Retype exactly the span of lines below from the one with "这是我们还需要个chrome" through the one with "of cruise ships.". Do not include pictures.

• **Input data**
******************************

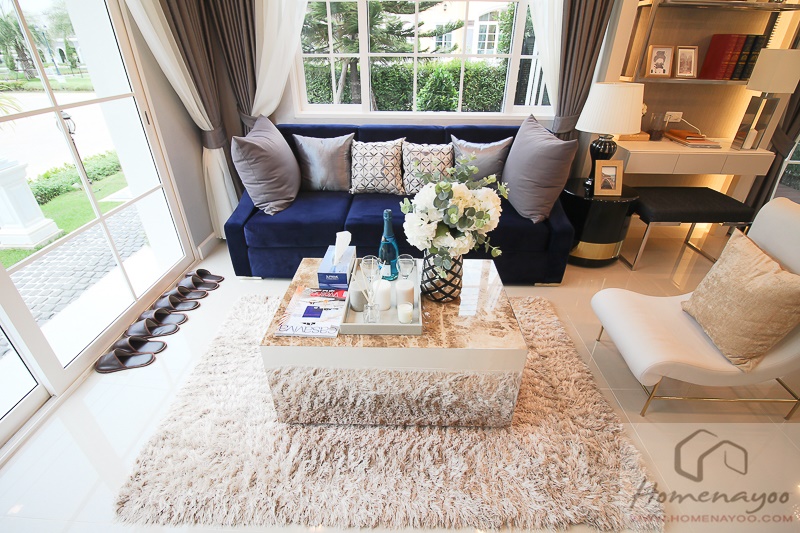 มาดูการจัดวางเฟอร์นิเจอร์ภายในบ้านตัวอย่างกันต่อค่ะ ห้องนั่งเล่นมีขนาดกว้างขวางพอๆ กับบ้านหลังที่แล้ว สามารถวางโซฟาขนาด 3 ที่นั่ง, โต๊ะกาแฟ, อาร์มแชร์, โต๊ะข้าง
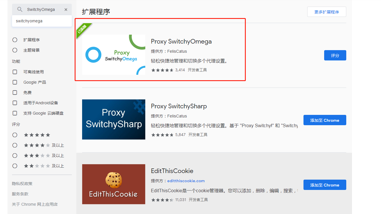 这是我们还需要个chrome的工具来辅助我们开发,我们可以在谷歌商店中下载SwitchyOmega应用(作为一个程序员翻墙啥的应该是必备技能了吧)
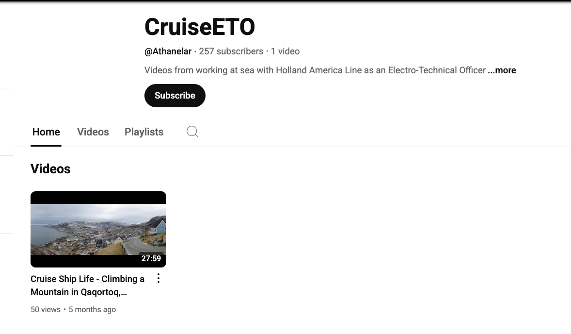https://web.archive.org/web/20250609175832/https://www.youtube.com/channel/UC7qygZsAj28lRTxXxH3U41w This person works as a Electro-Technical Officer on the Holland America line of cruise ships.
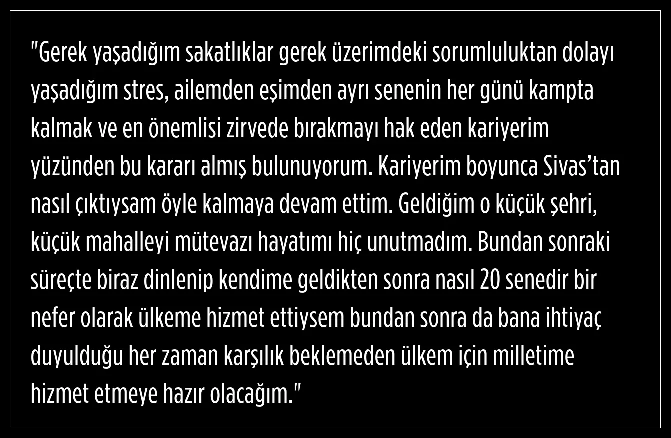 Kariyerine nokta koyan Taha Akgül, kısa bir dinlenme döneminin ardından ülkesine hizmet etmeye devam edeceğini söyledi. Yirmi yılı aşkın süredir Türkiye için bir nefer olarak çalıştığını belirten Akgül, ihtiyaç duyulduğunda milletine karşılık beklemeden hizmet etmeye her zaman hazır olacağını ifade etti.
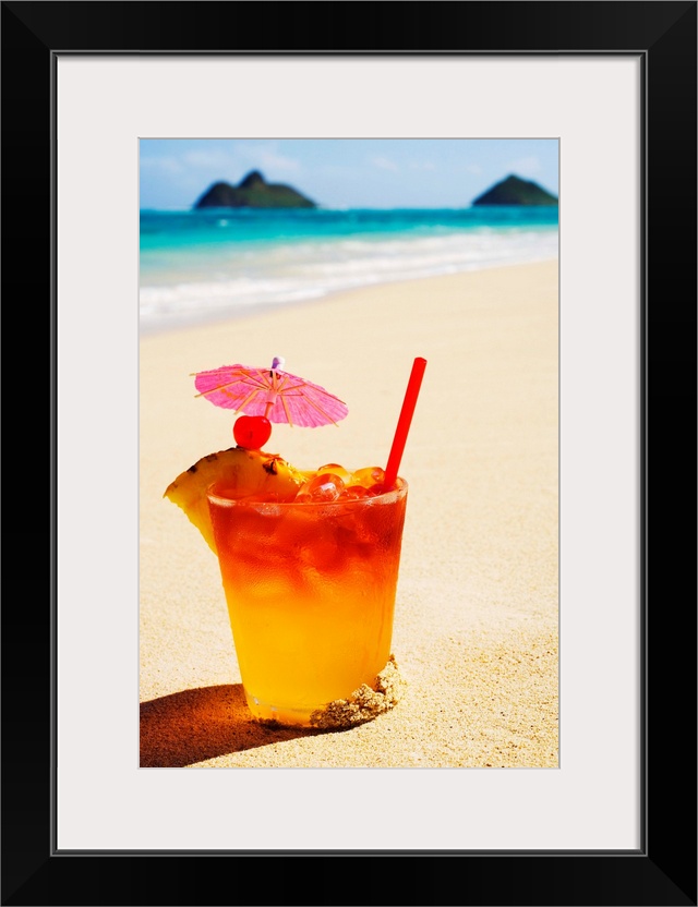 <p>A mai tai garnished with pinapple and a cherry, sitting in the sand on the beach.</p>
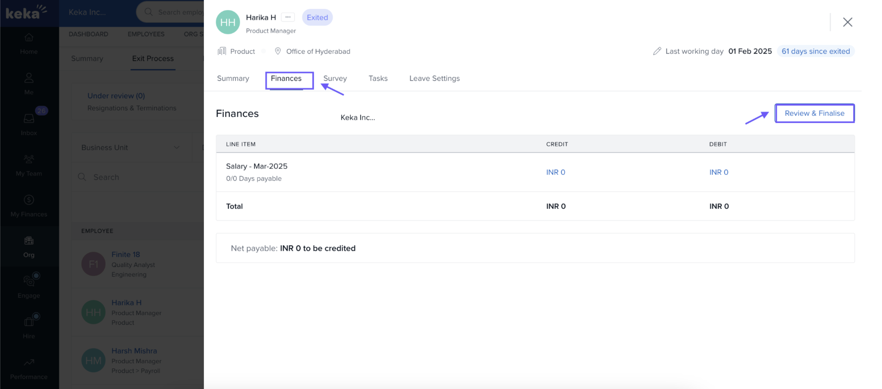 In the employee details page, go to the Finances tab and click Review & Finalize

******************************

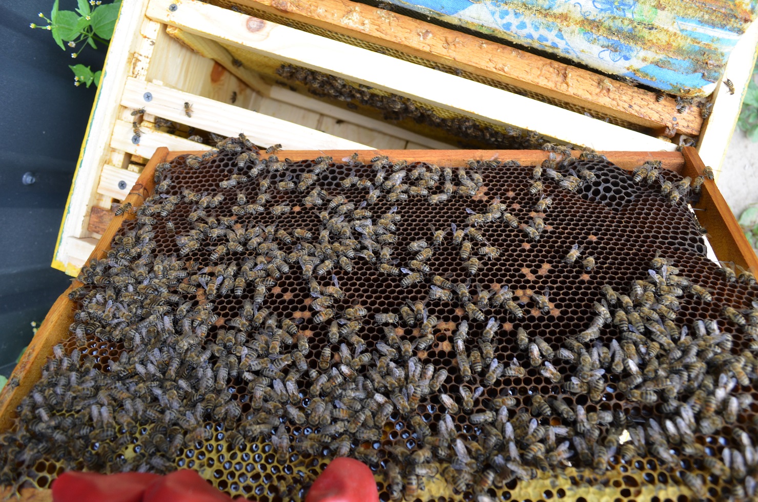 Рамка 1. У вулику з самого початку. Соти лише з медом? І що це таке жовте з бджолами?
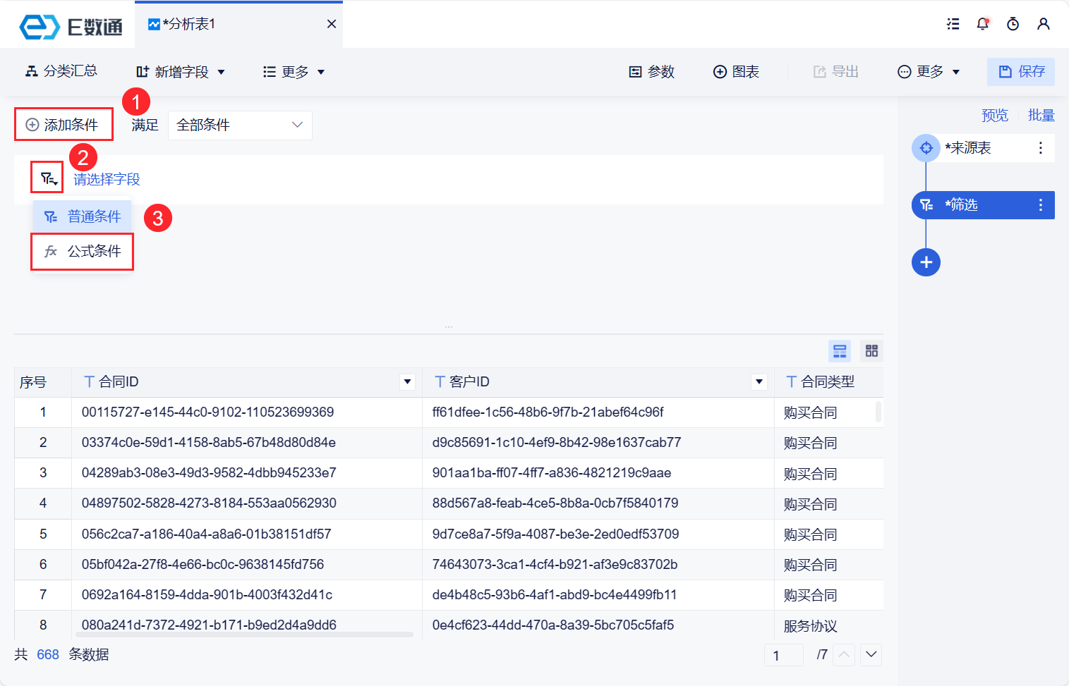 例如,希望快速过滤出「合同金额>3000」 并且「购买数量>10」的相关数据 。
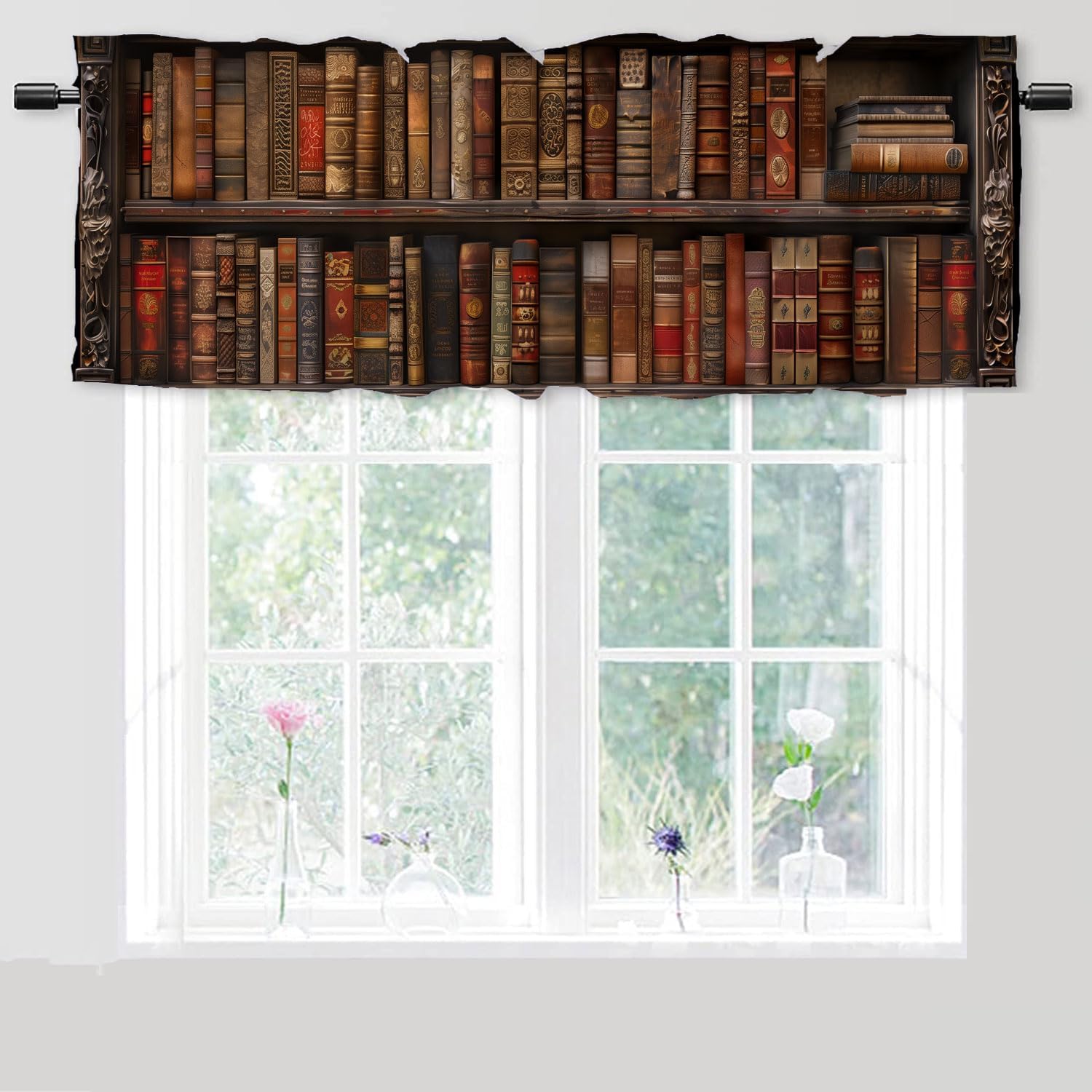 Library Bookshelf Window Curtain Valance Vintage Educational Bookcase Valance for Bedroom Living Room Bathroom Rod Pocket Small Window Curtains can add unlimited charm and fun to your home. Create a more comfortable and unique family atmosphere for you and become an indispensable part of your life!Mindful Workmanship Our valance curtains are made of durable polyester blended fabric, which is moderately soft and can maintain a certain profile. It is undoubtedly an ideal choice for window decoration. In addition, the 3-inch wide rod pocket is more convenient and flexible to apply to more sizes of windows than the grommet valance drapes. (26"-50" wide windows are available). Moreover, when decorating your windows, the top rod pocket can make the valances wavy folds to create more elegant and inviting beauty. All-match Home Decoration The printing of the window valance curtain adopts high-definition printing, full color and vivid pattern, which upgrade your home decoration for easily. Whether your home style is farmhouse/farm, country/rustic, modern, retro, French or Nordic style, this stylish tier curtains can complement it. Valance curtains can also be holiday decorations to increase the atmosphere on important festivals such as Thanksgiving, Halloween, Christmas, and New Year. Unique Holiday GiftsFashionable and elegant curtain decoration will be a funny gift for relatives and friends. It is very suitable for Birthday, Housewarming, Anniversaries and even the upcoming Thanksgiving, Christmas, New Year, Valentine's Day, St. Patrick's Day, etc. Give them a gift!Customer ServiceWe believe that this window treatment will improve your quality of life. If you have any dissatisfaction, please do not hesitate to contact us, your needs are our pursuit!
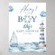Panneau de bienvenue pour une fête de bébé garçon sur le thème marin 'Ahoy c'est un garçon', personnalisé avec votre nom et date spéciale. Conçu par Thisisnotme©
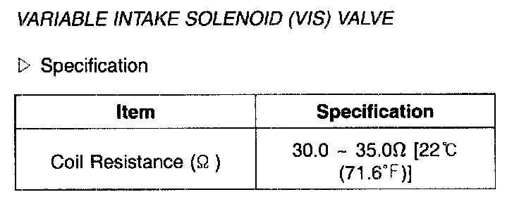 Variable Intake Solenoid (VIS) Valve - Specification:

******************************

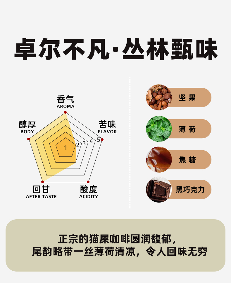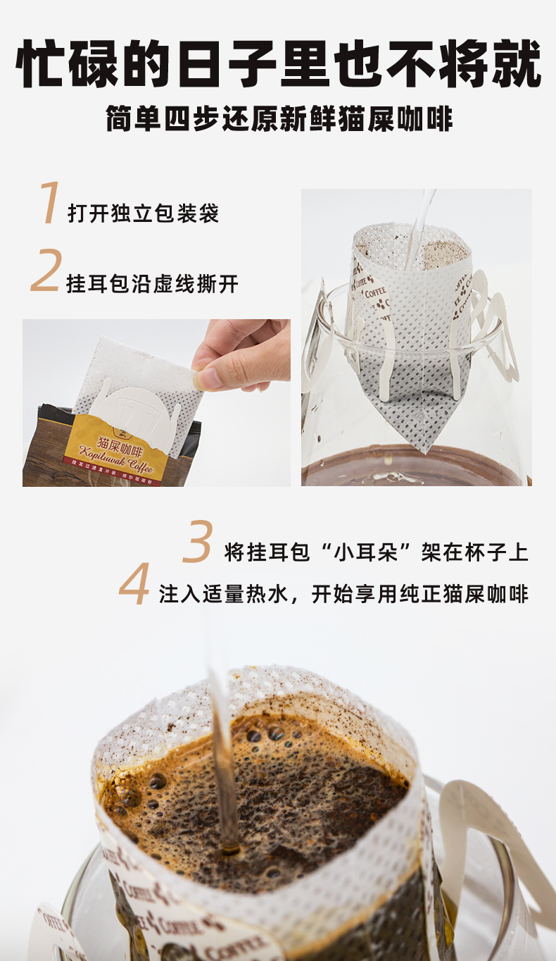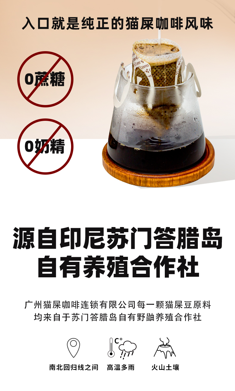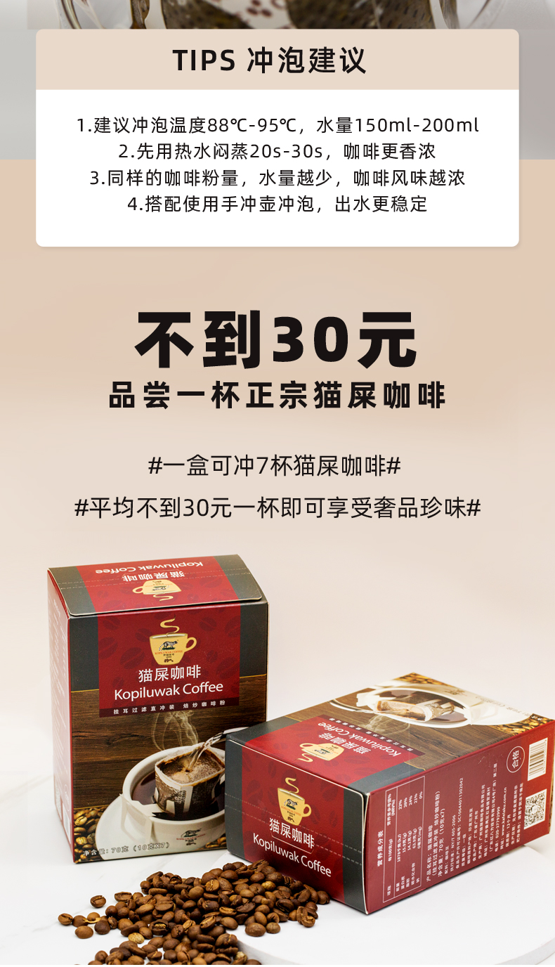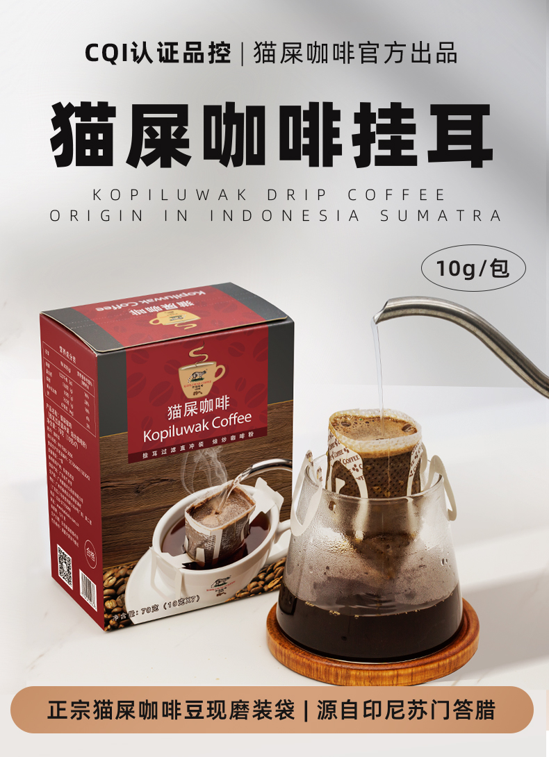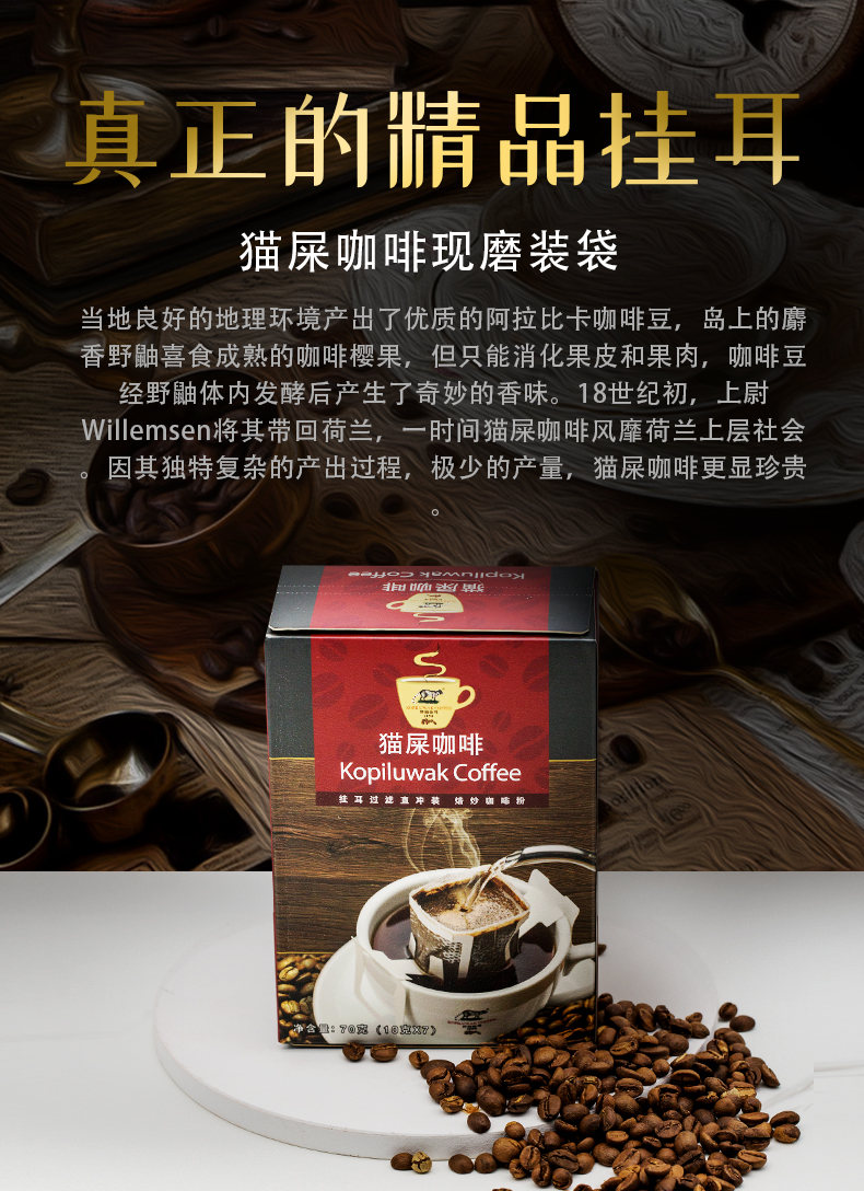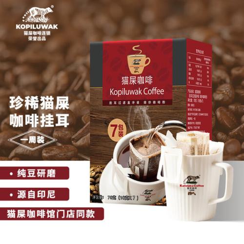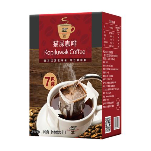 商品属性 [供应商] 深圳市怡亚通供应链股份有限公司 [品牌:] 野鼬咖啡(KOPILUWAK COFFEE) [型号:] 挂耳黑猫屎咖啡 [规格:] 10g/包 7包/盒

******************************

• **Solution to this problem**
 这是我们还需要个chrome的工具来辅助我们开发,我们可以在谷歌商店中下载SwitchyOmega应用(作为一个程序员翻墙啥的应该是必备技能了吧)
https://web.archive.org/web/20250609175832/https://www.youtube.com/channel/UC7qygZsAj28lRTxXxH3U41w This person works as a Electro-Technical Officer on the Holland America line of cruise ships.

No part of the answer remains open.